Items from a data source
■ ■ ■ ■ ■ ■ ■
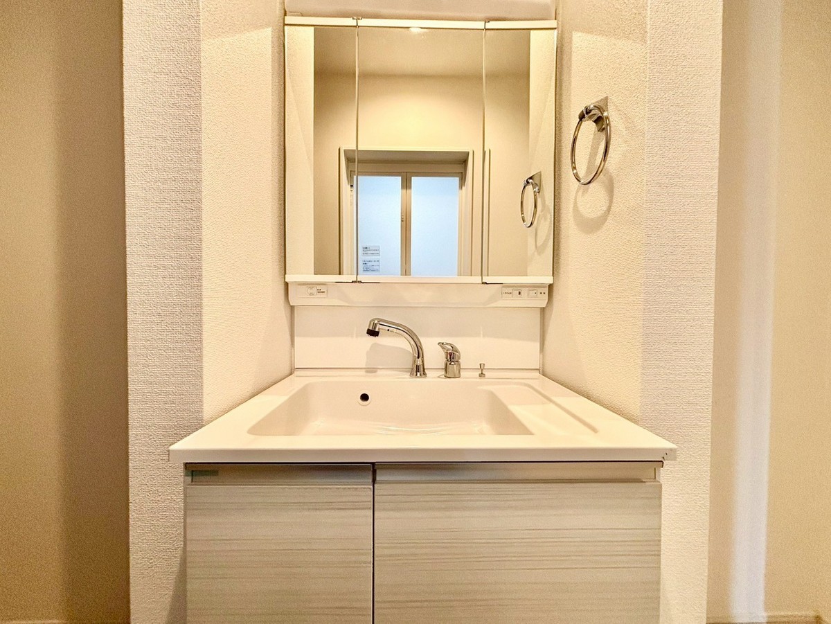 清潔なパウダールームは身だしなみチェックや肌のお手入れに最適です。収納もあり、スッキリと見映えの良い空間に拵えました。時間に余裕とゆとりを持たせます。 ■府中市新町2 新築一戸建て■
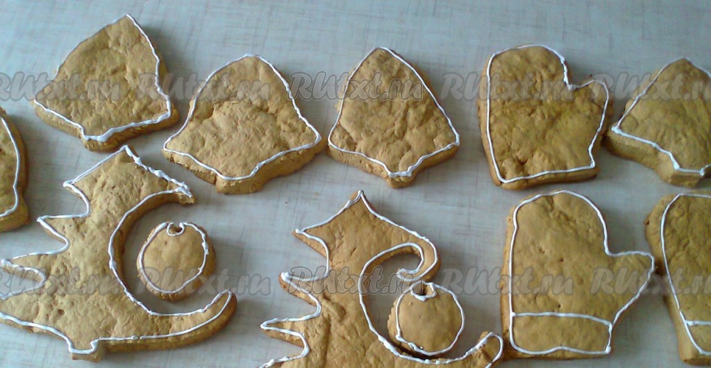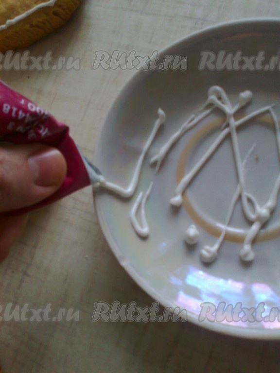 Глазурь кладем в пакетик (я использовала пакетик от сметаны, сделав отверстие зубочисткой), в уголке которого проделывается маленькое отверстие. Глазурью через отверстие в пакетике и наносится контур или узор рисунка на пряники.
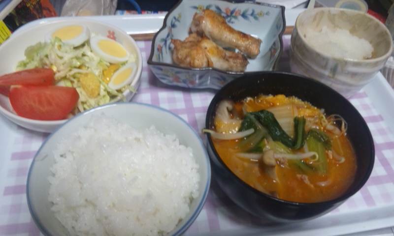 今日も20時までお仕事。帰ったら、旦那がお赤飯を買ってきてくれていた。…納豆が使えないわ…とか思いながら冷蔵庫を見ると、…ああ、そのまま食べられるのがそこそこあるよ…そんな一汁三菜。
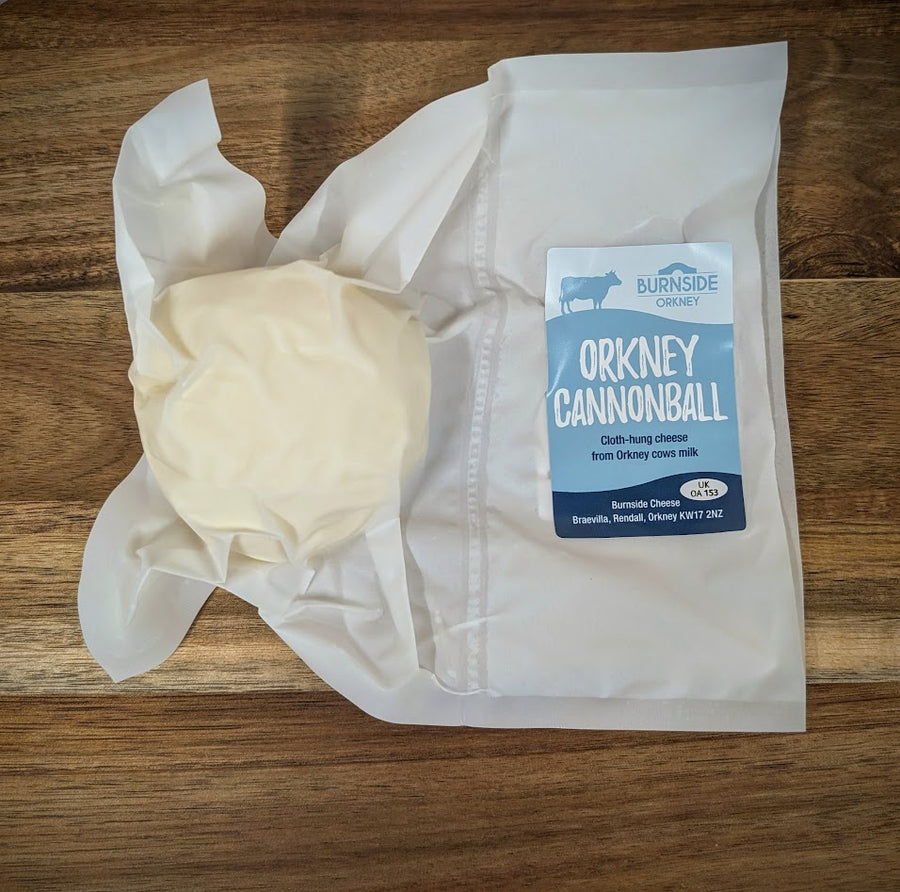 Cloth-hung cheese made using Orkney cows milk. A beautiful, slightly firmer farmhouse cheese providing a mild, creamy flavour with a slightly salty, nutty aftertaste.
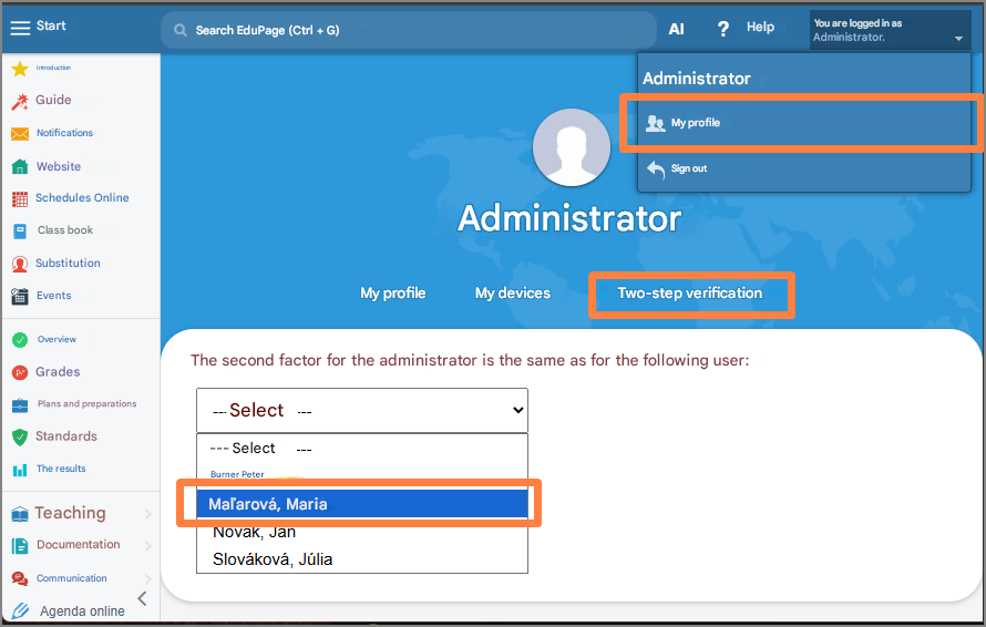 An administrator in EduPage has the option to enable two-step verification directly on their administrator profile.
■ ■ ■ ■ ■ ■ ■
Only the lines from the first line of the entries through the line containing "Глазурь кладем в" should be output, exactly as they are, without pictures.

 清潔なパウダールームは身だしなみチェックや肌のお手入れに最適です。収納もあり、スッキリと見映えの良い空間に拵えました。時間に余裕とゆとりを持たせます。 ■府中市新町2 新築一戸建て■
 Глазурь кладем в пакетик (я использовала пакетик от сметаны, сделав отверстие зубочисткой), в уголке которого проделывается маленькое отверстие. Глазурью через отверстие в пакетике и наносится контур или узор рисунка на пряники.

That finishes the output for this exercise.